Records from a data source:

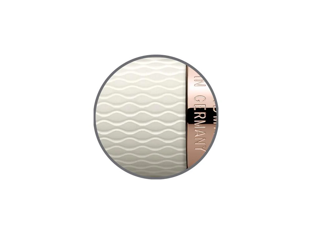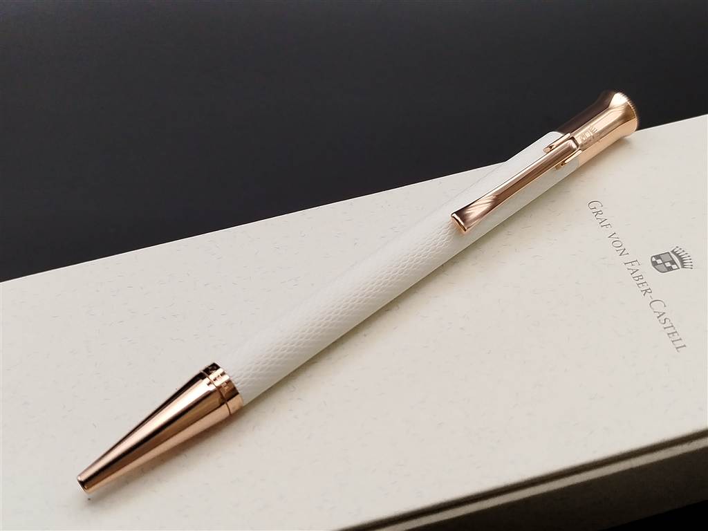 筆身由珍樹脂製作, 筆頂及筆咀以金屬製作,表面鍍玫瑰金
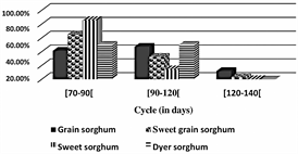 In general, the cycle of cultivars varied from 70 to 140 days and this variation varied according to the type of sorghum and the agroclimatic area. All the accessions collected can be structured into three groups based on the length of the maturity cycle (Figure 5). The first group characterized early accessions with a cycle of less than 90 days and represented 41.20% of grain sorghum cultivars, 64.9% of sweet grain sorghum, 85.7% of sweet sorghum and 50% of dyer sorghum. The second group consisted of cultivars with a medium cycle between 90 and 120 days and represented 47.10% of grain sorghum, 32.40% of sweet grain sorghum, 14.30% of sweet stem sorghum and 50% of dyer sorghum. The third group characterized the latest-cycle cultivars (≥140 days) and consisted of 11.80% of grain sorghum and 2.70% of sweet grain sorghum.
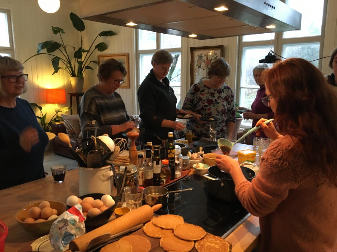 Åtte forventningsfulle kursdeltakere var samlet en lørdag for å lære å lage skikkelige julekranser. Tove Austad som eier og driver Åkerblomsten var kursholder. Det var den beste aktiviteten vi kunne hatt på en regntung novemberlørdag! Da vi kom hadde de fyrt i kakkelovnen i storstua, gløggen var varm og materialene lå klare. Tove viste og forklarte for oss, og vi boltret oss i massevis av materialer! Resultatet var 2 flotte dørkranser som alle var fornøyd med! Også så hyggelig vi hadde det! I pausen skulle vi nyte medbrakt mat, men vertskapet vartet opp med både nystekte sveler og gløgg i det koselige kjøkkenet. Tusen takk til Tove for et vellykket kurs!
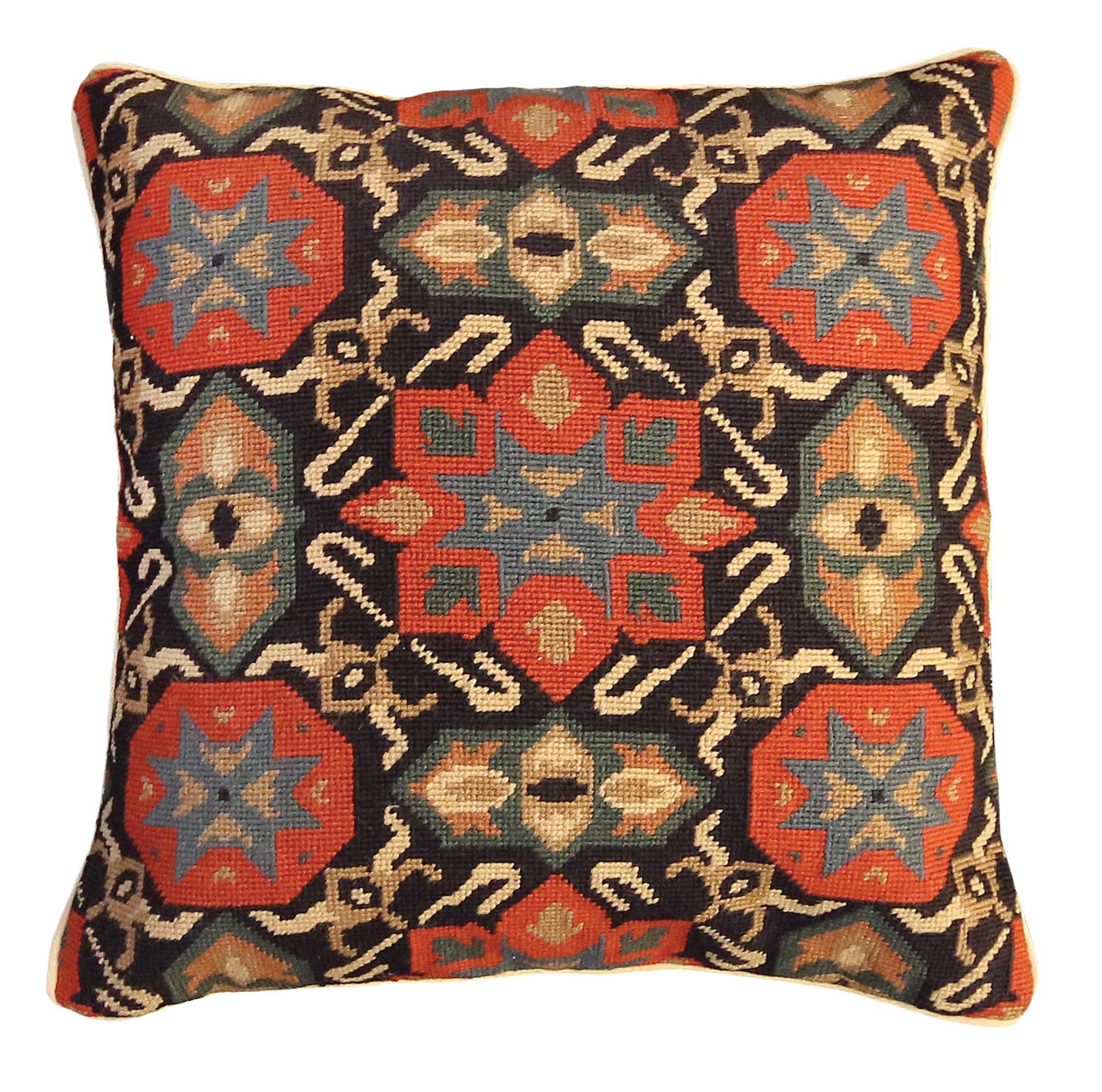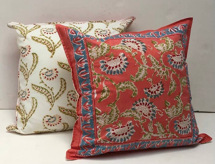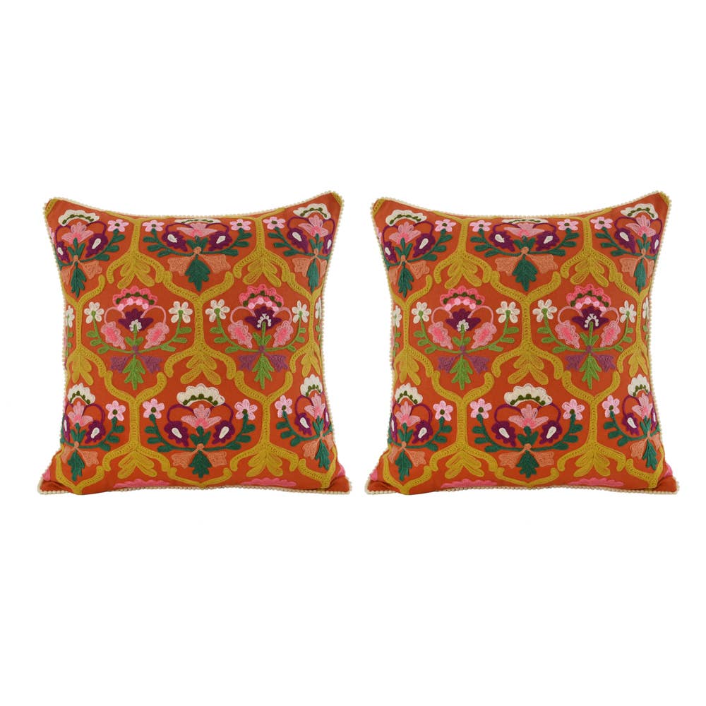 This pillow is inspired by a textile from Uzbekistan, handmade in the traditional suzani embroidery technique and consists of delicate silk embroidery on a silk-cotton blend backing. Suzani, which is embroidered with a tambour hook, is a classic Central Asian textile characterized by flowers and meandering vines. A specialist known as a chizmachi draws out the suzani pattern, then each fabric strip is given to an embroiderer, and finally the finished pieces are sewn back together. The result is a grand work created by several hands, producing charming irregularities and subtle mismatches that balance out the precision of the stitch. The flower designs seen here are symbolic of fertility and fruitfulness.
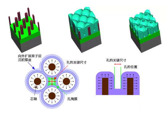 圖4:孔陣列上的菱形SADP,芯軸直徑20nm,水平間距80nm。處于擴(kuò)張的向外沉積形成了孔,這些孔又形成菱形并具有圓形開口。使用剖面SiO2刻蝕,可以探索不同ALD厚度刻蝕孔的形狀。
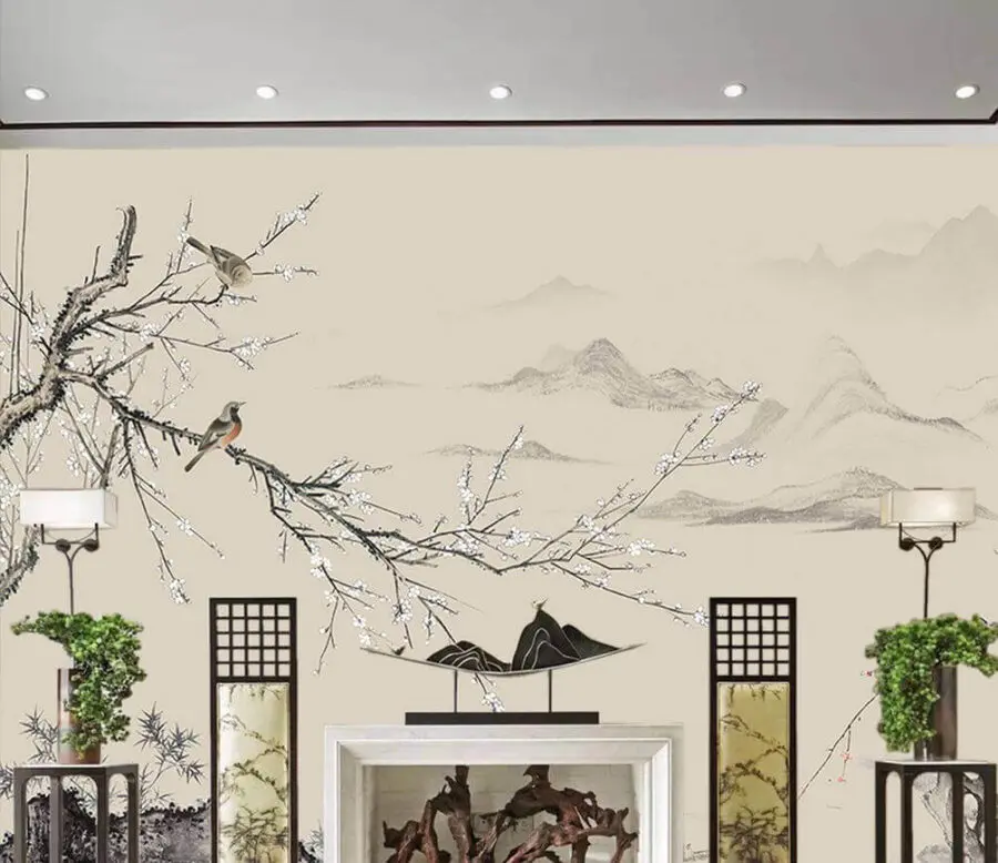 Fototapeten Malerei von Vögeln auf einem Zweig
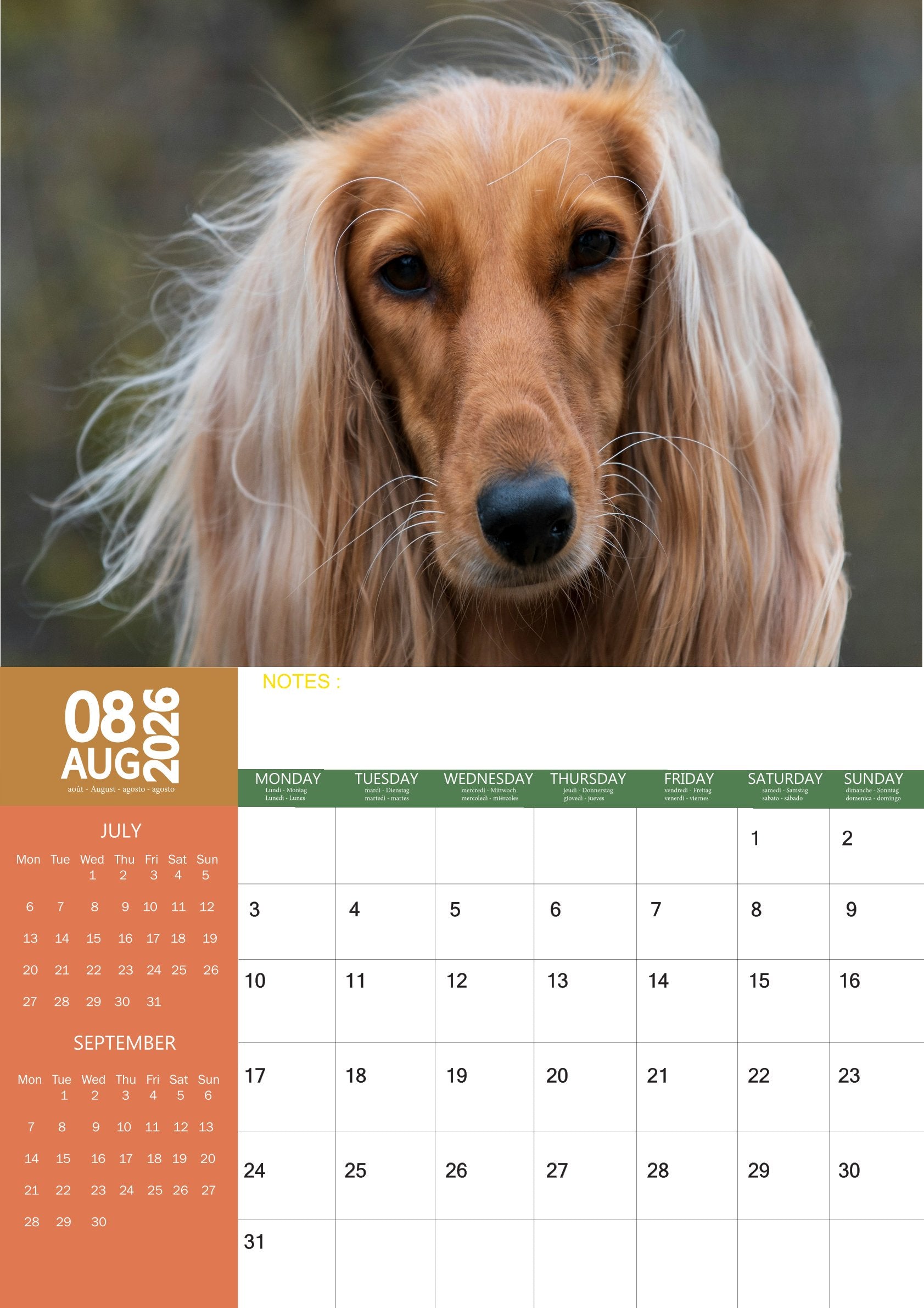Afghan Hound Dog Calendar 2026 – M-PRA Range
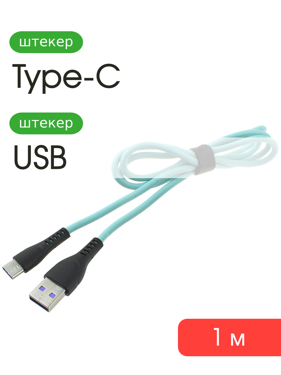 Шнур USB A-USB Type C 1м морозостойкий, 5А, мятный, быстрая зарядка
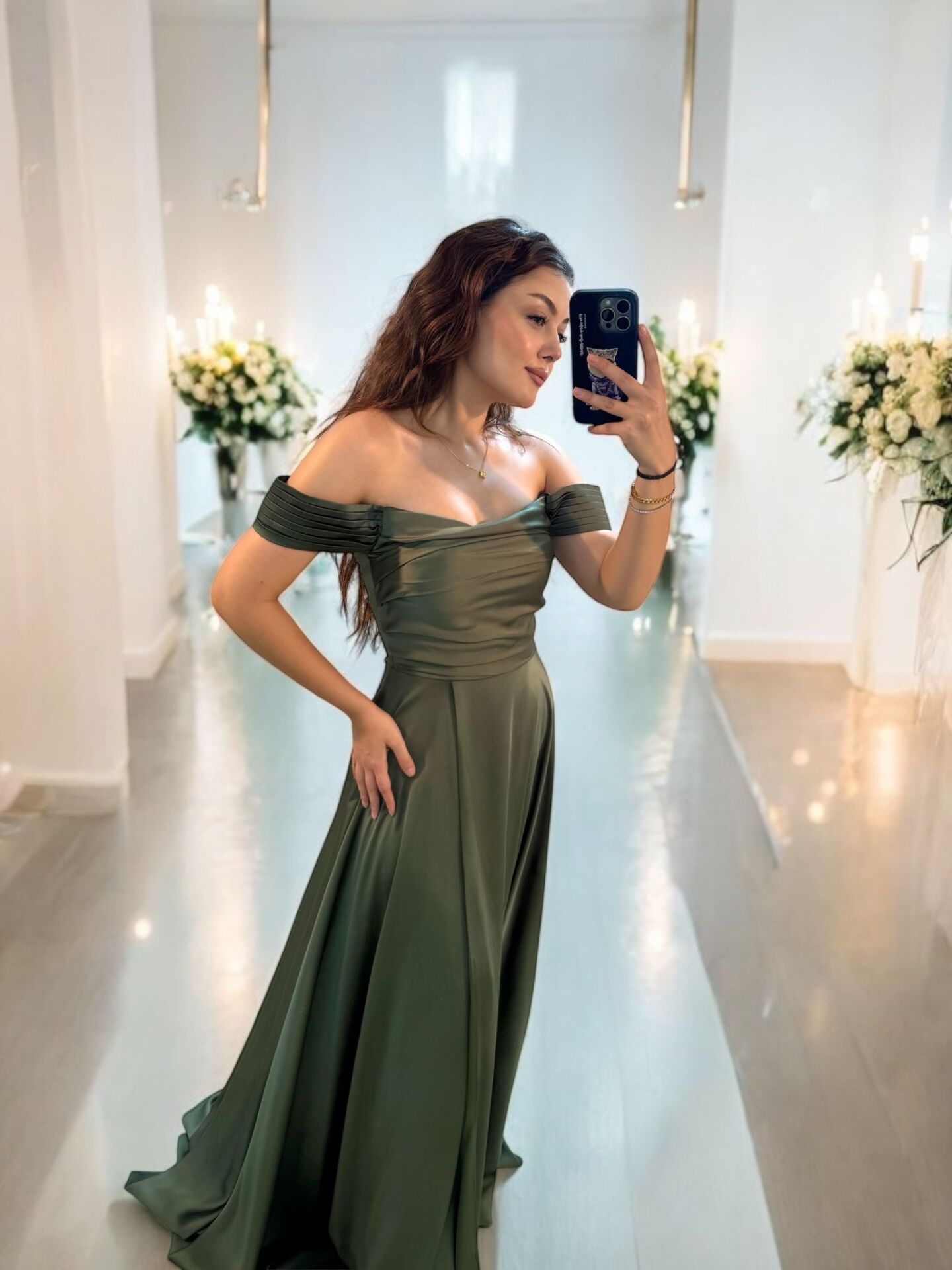 Nuvya Akıcı Saten Düşük Omuzlu Yeşil Renk Yırtmaçlı Abiye Elbise 36
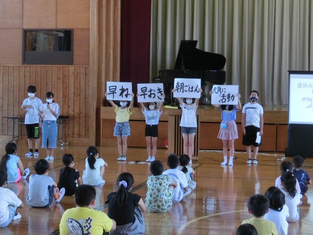 夏休みを元気に過ごすために、睡眠、食事、運動に気を付け、「生活のリズム」を整えようと呼びかけました。
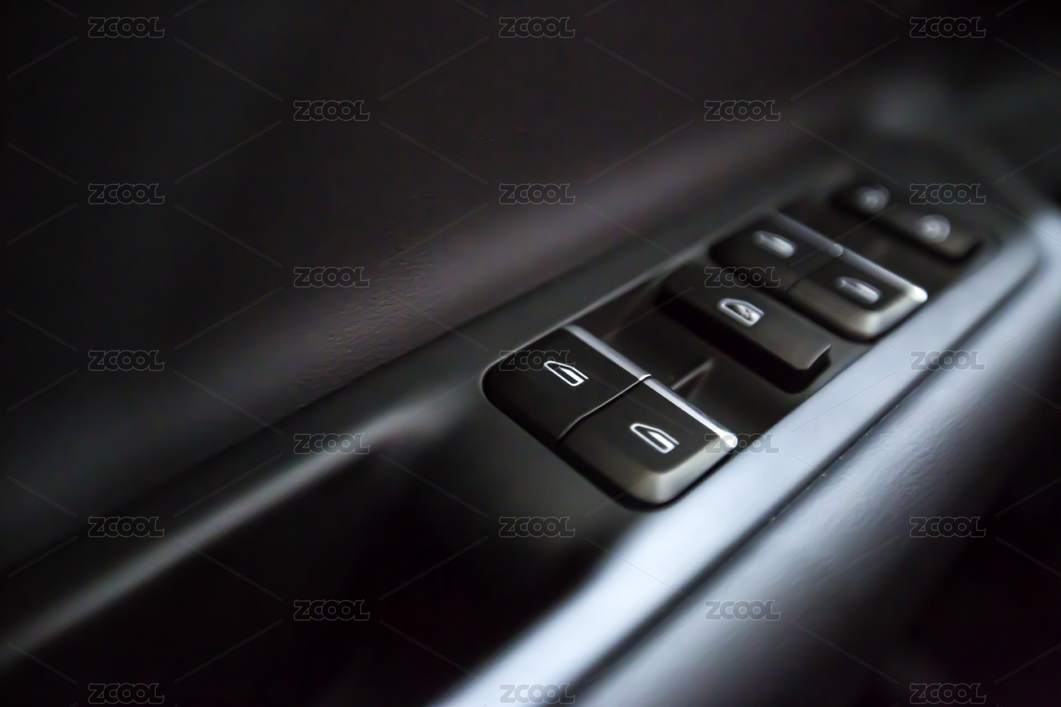 家用豪華汽車車門內(nèi)飾操作按鈕特寫
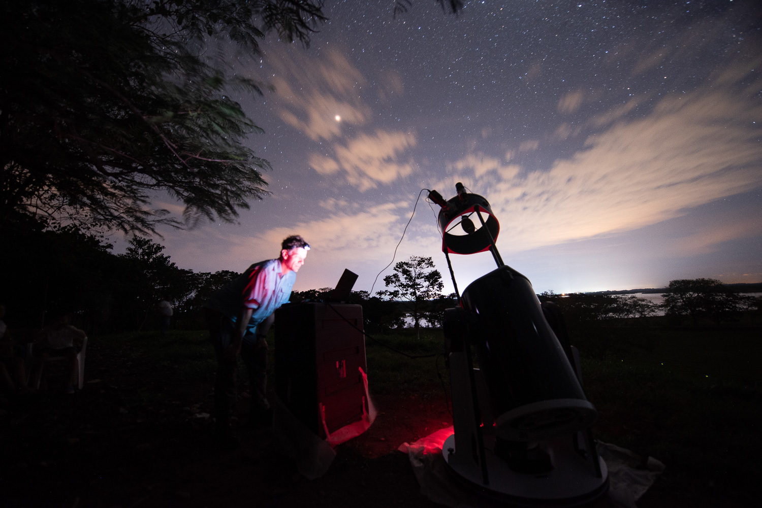 | Kat sets up the telescope. To the right is the beautiful Rio Magdalena. And the glow just above the river? That's not city lights, but lightning starting to move in. |
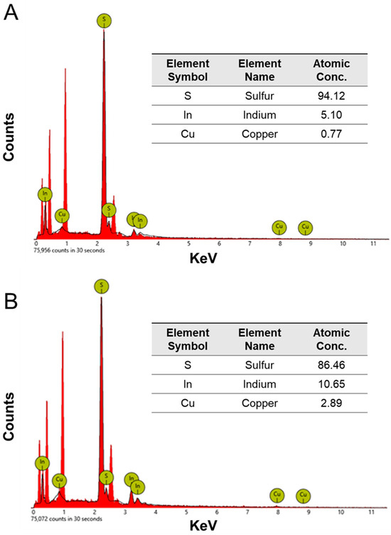 CIS nanoparticles synthesized under condition 2 (50 mM cysteine) at different incubation times (14 and 30 days) underwent EDX analysis (Figure 5). The presence of copper, indium, and sulfur was confirmed, with varying copper/indium ratios determined for each incubation time (0.15 for the 14-day synthesis and 0.27 for the 30-day synthesis). The high sulfur content in the nanoparticles may result from thiol capping provided by both cysteine and GSH used in the biosynthesis, forming part of the organic matter coating inherent to biological nanoparticles [71]. This result indicates an increase in the amount of copper with extended incubation time and that the produced CIS nanoparticles exhibit a non-stoichiometric composition, deviating from the usual 1:1:2 (Cu:In:S) proportions [83,84].
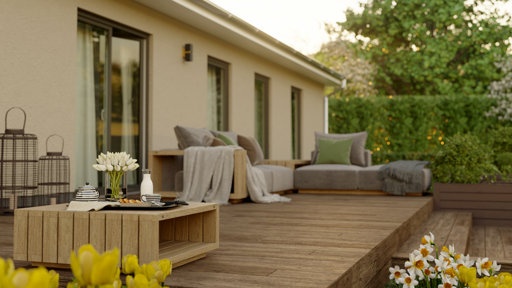 Bungalow 131 Familienleben auf einer Ebene - Der Bungalow 131 hat es in sich – 5 Zimmer, zwei Kinderzimmer und zwei Bäder – viel Wohnfläche und clever nutzbarer Stauraum für die ganze Familie. Die kluge Raumaufteilung bietet eine große Wohnküche in der Sie mit ihren Lieben Freizeit und Essen genießen können. Das traumhafte Wohnzimmer mit seinen großen Fenstern ist der perfekte Ort zum Entspannen, bietet freien Blick in Ihren Garten und mit wenigen Schritten sind Sie auf Ihrer Terrasse im Grünen.

Task prompt :: Reproduce the lines above exactly, please, but not the pictures in them.

Result of this exercise ::
 筆身由珍樹脂製作, 筆頂及筆咀以金屬製作,表面鍍玫瑰金
 In general, the cycle of cultivars varied from 70 to 140 days and this variation varied according to the type of sorghum and the agroclimatic area. All the accessions collected can be structured into three groups based on the length of the maturity cycle (Figure 5). The first group characterized early accessions with a cycle of less than 90 days and represented 41.20% of grain sorghum cultivars, 64.9% of sweet grain sorghum, 85.7% of sweet sorghum and 50% of dyer sorghum. The second group consisted of cultivars with a medium cycle between 90 and 120 days and represented 47.10% of grain sorghum, 32.40% of sweet grain sorghum, 14.30% of sweet stem sorghum and 50% of dyer sorghum. The third group characterized the latest-cycle cultivars (≥140 days) and consisted of 11.80% of grain sorghum and 2.70% of sweet grain sorghum.
 Åtte forventningsfulle kursdeltakere var samlet en lørdag for å lære å lage skikkelige julekranser. Tove Austad som eier og driver Åkerblomsten var kursholder. Det var den beste aktiviteten vi kunne hatt på en regntung novemberlørdag! Da vi kom hadde de fyrt i kakkelovnen i storstua, gløggen var varm og materialene lå klare. Tove viste og forklarte for oss, og vi boltret oss i massevis av materialer! Resultatet var 2 flotte dørkranser som alle var fornøyd med! Også så hyggelig vi hadde det! I pausen skulle vi nyte medbrakt mat, men vertskapet vartet opp med både nystekte sveler og gløgg i det koselige kjøkkenet. Tusen takk til Tove for et vellykket kurs!
 This pillow is inspired by a textile from Uzbekistan, handmade in the traditional suzani embroidery technique and consists of delicate silk embroidery on a silk-cotton blend backing. Suzani, which is embroidered with a tambour hook, is a classic Central Asian textile characterized by flowers and meandering vines. A specialist known as a chizmachi draws out the suzani pattern, then each fabric strip is given to an embroiderer, and finally the finished pieces are sewn back together. The result is a grand work created by several hands, producing charming irregularities and subtle mismatches that balance out the precision of the stitch. The flower designs seen here are symbolic of fertility and fruitfulness.
 圖4:孔陣列上的菱形SADP,芯軸直徑20nm,水平間距80nm。處于擴(kuò)張的向外沉積形成了孔,這些孔又形成菱形并具有圓形開口。使用剖面SiO2刻蝕,可以探索不同ALD厚度刻蝕孔的形狀。
 Fototapeten Malerei von Vögeln auf einem Zweig
Afghan Hound Dog Calendar 2026 – M-PRA Range
 Шнур USB A-USB Type C 1м морозостойкий, 5А, мятный, быстрая зарядка
 Nuvya Akıcı Saten Düşük Omuzlu Yeşil Renk Yırtmaçlı Abiye Elbise 36
 夏休みを元気に過ごすために、睡眠、食事、運動に気を付け、「生活のリズム」を整えようと呼びかけました。
 家用豪華汽車車門內(nèi)飾操作按鈕特寫
 | Kat sets up the telescope. To the right is the beautiful Rio Magdalena. And the glow just above the river? That's not city lights, but lightning starting to move in. |
 CIS nanoparticles synthesized under condition 2 (50 mM cysteine) at different incubation times (14 and 30 days) underwent EDX analysis (Figure 5). The presence of copper, indium, and sulfur was confirmed, with varying copper/indium ratios determined for each incubation time (0.15 for the 14-day synthesis and 0.27 for the 30-day synthesis). The high sulfur content in the nanoparticles may result from thiol capping provided by both cysteine and GSH used in the biosynthesis, forming part of the organic matter coating inherent to biological nanoparticles [71]. This result indicates an increase in the amount of copper with extended incubation time and that the produced CIS nanoparticles exhibit a non-stoichiometric composition, deviating from the usual 1:1:2 (Cu:In:S) proportions [83,84].
 Bungalow 131 Familienleben auf einer Ebene - Der Bungalow 131 hat es in sich – 5 Zimmer, zwei Kinderzimmer und zwei Bäder – viel Wohnfläche und clever nutzbarer Stauraum für die ganze Familie. Die kluge Raumaufteilung bietet eine große Wohnküche in der Sie mit ihren Lieben Freizeit und Essen genießen können. Das traumhafte Wohnzimmer mit seinen großen Fenstern ist der perfekte Ort zum Entspannen, bietet freien Blick in Ihren Garten und mit wenigen Schritten sind Sie auf Ihrer Terrasse im Grünen.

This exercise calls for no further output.